• TASK DESCRIPTION: Starting with the line that contains "Coupe-vent avec enduction" and stopping after the line that contains "Each other creature", return each line below exactly as written, with no others.

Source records
=== Begin Enclosure ===
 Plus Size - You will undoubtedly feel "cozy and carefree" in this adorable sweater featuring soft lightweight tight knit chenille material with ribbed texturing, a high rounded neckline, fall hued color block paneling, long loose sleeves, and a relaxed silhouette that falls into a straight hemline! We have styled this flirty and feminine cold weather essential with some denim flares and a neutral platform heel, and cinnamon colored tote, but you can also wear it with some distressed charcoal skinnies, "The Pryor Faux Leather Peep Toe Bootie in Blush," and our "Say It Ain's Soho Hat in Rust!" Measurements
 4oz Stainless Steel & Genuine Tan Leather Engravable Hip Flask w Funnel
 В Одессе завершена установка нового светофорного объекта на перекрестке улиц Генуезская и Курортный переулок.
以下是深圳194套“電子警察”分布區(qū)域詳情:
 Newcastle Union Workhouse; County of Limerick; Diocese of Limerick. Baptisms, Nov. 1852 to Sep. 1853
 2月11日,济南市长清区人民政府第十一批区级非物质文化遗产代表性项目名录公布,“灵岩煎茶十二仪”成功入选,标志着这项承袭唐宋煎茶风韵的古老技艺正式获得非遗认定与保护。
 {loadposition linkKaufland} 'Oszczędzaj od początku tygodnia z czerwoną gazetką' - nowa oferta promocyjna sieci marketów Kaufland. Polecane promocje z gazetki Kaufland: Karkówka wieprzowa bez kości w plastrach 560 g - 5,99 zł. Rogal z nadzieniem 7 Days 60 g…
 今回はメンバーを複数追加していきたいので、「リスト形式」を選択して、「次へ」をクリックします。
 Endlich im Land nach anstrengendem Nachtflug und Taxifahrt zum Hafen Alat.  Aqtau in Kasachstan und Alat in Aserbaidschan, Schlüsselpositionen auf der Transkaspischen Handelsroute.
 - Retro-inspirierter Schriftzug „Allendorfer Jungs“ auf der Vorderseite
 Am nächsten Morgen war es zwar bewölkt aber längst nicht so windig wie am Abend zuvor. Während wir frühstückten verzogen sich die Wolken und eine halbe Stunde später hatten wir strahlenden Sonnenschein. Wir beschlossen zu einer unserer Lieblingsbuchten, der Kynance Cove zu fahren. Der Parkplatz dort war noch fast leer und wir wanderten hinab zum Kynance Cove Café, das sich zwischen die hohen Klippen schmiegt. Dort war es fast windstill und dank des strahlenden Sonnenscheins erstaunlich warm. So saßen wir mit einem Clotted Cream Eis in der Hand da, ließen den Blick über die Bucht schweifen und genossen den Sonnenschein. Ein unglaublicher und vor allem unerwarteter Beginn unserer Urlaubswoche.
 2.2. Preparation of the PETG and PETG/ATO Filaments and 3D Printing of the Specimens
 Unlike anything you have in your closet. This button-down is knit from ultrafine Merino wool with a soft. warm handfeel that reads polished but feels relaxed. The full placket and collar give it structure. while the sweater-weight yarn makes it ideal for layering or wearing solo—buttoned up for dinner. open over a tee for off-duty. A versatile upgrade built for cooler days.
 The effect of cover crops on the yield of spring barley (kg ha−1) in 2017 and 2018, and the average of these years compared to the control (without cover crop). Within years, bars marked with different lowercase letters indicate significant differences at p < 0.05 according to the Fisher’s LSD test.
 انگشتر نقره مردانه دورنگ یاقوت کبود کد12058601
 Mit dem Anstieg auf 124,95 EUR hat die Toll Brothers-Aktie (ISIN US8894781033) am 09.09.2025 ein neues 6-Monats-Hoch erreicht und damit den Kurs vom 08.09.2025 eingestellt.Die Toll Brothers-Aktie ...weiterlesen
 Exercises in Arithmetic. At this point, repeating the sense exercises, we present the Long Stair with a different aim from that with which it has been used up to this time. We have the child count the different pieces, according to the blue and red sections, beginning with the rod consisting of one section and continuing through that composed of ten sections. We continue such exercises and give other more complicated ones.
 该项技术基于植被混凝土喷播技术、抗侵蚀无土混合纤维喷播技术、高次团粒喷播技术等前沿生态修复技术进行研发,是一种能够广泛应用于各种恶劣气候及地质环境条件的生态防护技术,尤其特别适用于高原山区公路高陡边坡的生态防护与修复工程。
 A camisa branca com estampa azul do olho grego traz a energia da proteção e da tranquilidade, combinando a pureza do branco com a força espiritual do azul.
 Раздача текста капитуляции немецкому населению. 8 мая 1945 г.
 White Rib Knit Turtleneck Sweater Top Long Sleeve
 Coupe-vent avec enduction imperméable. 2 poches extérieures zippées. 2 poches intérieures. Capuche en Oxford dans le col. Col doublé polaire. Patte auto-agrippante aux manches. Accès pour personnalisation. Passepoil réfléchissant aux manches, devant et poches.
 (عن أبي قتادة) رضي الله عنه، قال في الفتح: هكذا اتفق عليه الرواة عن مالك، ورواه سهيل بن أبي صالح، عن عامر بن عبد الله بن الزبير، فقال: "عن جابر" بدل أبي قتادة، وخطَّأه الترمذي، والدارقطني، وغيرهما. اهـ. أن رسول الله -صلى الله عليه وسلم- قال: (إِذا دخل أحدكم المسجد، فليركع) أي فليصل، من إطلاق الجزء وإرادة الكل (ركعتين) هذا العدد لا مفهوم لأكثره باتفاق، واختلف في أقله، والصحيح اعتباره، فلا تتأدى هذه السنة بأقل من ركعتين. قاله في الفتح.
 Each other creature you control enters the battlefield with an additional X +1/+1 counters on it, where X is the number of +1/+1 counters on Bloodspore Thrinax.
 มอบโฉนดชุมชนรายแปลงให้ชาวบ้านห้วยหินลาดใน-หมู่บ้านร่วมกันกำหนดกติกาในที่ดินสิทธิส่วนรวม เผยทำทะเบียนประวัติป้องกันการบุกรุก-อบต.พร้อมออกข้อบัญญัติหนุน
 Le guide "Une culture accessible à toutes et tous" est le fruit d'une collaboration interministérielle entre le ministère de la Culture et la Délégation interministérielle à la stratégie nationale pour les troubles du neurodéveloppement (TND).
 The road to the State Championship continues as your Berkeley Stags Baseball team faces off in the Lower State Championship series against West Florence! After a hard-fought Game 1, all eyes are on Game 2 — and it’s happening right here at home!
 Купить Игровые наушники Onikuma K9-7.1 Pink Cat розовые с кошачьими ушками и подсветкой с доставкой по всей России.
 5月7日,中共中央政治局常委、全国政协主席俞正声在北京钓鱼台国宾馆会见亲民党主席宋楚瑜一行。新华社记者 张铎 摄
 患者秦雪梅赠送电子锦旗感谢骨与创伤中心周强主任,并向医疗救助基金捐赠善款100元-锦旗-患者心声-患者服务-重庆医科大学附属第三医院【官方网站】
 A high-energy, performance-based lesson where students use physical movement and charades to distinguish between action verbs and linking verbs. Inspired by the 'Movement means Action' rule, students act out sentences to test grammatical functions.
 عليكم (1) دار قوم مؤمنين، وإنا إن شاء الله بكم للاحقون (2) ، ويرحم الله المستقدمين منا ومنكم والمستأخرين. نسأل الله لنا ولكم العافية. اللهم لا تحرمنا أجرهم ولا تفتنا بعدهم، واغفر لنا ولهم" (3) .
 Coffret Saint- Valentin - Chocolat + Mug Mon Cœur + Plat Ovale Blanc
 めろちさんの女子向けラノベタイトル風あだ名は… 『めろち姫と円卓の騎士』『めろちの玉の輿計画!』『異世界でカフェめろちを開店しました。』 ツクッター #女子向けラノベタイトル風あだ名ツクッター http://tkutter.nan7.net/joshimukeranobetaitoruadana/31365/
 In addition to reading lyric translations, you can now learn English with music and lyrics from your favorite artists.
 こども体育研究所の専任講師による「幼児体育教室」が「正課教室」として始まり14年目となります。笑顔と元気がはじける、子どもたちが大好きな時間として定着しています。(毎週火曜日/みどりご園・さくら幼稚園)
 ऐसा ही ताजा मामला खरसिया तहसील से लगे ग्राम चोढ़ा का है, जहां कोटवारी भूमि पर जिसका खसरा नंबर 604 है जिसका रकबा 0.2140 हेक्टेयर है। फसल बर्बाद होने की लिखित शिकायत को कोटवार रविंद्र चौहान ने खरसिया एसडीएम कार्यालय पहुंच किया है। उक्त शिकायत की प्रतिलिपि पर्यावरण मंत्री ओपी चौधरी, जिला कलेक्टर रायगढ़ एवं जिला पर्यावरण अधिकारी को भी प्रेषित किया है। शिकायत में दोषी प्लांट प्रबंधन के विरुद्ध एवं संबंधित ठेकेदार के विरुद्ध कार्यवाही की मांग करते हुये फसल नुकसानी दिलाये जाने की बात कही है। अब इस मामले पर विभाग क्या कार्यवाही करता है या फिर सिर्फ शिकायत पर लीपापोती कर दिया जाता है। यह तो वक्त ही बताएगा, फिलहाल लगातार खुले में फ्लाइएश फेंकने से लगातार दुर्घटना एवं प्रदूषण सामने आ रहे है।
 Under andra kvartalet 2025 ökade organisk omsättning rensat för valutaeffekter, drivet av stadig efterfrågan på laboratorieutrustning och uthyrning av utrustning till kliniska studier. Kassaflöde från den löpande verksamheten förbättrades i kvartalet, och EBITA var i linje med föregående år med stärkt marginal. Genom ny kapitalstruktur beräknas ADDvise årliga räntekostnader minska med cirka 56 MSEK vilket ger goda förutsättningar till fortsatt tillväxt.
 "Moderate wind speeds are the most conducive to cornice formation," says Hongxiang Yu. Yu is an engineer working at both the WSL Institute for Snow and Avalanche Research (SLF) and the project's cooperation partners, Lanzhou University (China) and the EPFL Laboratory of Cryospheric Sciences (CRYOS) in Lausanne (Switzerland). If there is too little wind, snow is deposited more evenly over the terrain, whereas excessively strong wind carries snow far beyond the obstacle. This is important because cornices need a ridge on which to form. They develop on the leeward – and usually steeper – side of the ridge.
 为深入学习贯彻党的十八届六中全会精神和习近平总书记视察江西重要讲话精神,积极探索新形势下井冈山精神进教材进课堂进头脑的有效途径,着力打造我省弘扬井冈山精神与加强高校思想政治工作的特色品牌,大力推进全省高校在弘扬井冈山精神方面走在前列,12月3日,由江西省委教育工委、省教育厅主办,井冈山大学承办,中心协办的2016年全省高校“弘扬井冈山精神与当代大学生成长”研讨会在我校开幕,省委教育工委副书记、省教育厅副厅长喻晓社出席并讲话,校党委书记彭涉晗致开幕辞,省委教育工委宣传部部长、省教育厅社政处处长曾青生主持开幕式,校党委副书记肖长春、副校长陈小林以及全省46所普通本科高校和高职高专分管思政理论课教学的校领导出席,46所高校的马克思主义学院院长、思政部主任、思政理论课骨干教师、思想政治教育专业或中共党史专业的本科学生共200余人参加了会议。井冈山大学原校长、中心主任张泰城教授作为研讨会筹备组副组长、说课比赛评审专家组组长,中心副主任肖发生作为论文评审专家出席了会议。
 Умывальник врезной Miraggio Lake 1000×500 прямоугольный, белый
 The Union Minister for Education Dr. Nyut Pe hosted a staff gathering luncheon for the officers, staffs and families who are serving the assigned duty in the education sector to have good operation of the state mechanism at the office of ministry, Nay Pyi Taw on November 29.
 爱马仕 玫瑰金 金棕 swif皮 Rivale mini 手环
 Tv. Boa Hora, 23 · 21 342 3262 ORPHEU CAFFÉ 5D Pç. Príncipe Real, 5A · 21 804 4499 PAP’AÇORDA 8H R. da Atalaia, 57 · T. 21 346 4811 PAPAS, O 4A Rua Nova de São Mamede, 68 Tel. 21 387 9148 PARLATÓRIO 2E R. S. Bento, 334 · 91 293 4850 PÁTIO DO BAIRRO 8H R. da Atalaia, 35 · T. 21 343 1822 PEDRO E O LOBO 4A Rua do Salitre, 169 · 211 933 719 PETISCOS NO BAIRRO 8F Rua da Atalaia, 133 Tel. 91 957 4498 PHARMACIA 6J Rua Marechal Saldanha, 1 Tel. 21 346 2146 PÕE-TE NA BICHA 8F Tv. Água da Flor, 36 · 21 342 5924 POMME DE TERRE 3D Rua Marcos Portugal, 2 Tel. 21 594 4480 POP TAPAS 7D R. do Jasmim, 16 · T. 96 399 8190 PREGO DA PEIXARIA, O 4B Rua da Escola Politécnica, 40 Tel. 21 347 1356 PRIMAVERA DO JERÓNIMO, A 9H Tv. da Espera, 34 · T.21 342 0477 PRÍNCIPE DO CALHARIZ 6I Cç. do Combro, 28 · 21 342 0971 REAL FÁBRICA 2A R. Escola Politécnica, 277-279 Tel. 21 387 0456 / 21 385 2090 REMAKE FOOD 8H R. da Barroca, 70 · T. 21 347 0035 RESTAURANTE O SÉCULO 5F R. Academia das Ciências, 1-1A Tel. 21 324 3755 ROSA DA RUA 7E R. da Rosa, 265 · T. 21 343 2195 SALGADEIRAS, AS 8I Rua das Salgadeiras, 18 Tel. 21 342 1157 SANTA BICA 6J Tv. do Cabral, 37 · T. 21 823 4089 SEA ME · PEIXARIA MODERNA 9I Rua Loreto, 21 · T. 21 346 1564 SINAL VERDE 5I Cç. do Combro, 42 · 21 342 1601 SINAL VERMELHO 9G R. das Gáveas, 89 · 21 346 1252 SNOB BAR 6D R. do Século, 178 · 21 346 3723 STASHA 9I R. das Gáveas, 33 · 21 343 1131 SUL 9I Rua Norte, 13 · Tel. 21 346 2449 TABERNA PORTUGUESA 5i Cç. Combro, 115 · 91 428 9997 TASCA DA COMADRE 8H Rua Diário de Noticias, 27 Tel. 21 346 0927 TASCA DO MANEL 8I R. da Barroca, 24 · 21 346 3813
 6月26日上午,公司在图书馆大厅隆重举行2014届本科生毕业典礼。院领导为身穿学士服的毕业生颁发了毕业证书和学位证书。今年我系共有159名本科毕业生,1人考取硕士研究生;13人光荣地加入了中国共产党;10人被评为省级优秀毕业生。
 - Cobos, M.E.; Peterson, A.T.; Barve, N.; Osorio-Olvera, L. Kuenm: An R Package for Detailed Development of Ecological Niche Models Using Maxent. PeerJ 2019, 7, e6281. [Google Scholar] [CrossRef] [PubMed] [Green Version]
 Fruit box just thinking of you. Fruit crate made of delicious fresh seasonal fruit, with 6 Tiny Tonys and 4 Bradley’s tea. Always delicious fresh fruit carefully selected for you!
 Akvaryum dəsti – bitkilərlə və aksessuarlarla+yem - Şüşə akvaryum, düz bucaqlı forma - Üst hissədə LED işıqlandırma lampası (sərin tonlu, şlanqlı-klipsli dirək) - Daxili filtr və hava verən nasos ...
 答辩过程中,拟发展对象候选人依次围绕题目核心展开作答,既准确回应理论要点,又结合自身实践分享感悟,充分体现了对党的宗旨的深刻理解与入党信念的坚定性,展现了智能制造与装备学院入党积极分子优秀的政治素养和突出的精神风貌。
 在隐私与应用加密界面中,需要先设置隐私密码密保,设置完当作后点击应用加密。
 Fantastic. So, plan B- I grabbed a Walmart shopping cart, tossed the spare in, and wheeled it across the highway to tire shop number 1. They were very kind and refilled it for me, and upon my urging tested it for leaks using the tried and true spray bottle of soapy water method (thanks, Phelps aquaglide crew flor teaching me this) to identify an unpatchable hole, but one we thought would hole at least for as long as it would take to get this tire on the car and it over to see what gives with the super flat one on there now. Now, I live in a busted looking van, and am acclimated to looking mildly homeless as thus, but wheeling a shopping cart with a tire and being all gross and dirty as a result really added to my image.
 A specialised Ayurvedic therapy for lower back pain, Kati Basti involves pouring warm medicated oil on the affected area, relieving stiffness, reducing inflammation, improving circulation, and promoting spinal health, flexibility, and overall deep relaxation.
=== End Enclosure ===
• ANSWER TO THIS TASK:
 Coupe-vent avec enduction imperméable. 2 poches extérieures zippées. 2 poches intérieures. Capuche en Oxford dans le col. Col doublé polaire. Patte auto-agrippante aux manches. Accès pour personnalisation. Passepoil réfléchissant aux manches, devant et poches.
 (عن أبي قتادة) رضي الله عنه، قال في الفتح: هكذا اتفق عليه الرواة عن مالك، ورواه سهيل بن أبي صالح، عن عامر بن عبد الله بن الزبير، فقال: "عن جابر" بدل أبي قتادة، وخطَّأه الترمذي، والدارقطني، وغيرهما. اهـ. أن رسول الله -صلى الله عليه وسلم- قال: (إِذا دخل أحدكم المسجد، فليركع) أي فليصل، من إطلاق الجزء وإرادة الكل (ركعتين) هذا العدد لا مفهوم لأكثره باتفاق، واختلف في أقله، والصحيح اعتباره، فلا تتأدى هذه السنة بأقل من ركعتين. قاله في الفتح.
 Each other creature you control enters the battlefield with an additional X +1/+1 counters on it, where X is the number of +1/+1 counters on Bloodspore Thrinax.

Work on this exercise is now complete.